TASK DIRECTIONS:
Each line in the records below, from the one that contains "by William Hutton" to the one that contains "ROUND SAPPHIRE & ROUND DIAMOND 14KW PENDANT", should be reproduced exactly, the first and last included.

THE INPUT:
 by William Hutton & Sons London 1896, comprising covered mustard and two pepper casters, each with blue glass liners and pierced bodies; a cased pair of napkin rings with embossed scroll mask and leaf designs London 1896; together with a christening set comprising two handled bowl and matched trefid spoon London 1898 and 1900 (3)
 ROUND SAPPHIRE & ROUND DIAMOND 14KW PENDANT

* * *

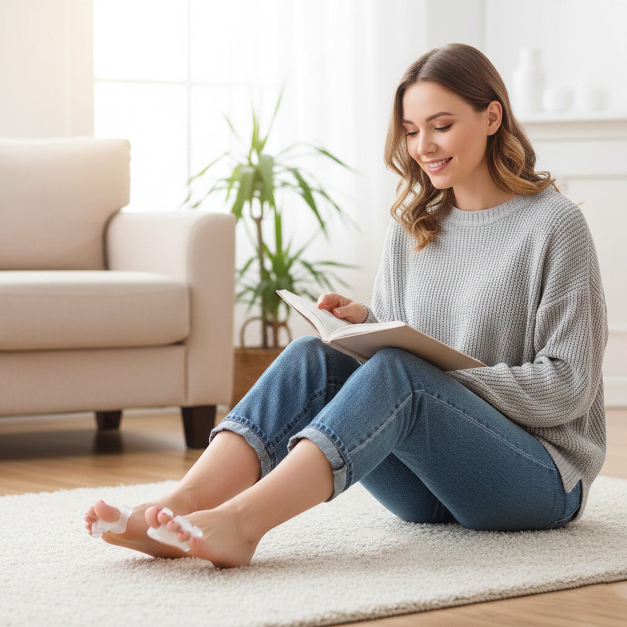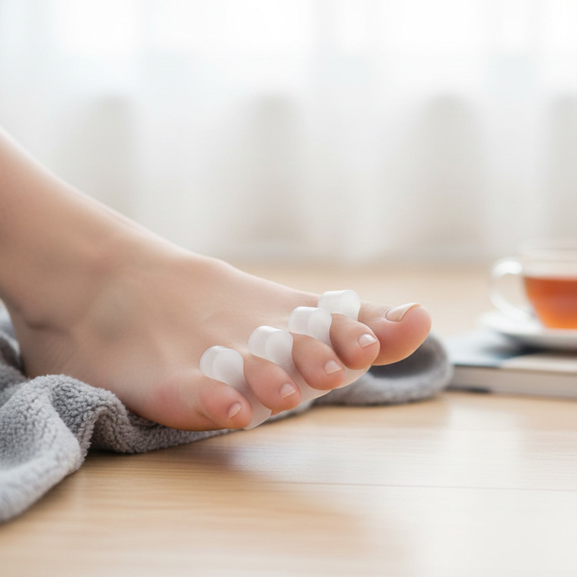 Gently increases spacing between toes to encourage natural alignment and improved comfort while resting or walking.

EXERCISE OUTPUT:
 by William Hutton & Sons London 1896, comprising covered mustard and two pepper casters, each with blue glass liners and pierced bodies; a cased pair of napkin rings with embossed scroll mask and leaf designs London 1896; together with a christening set comprising two handled bowl and matched trefid spoon London 1898 and 1900 (3)
 ROUND SAPPHIRE & ROUND DIAMOND 14KW PENDANT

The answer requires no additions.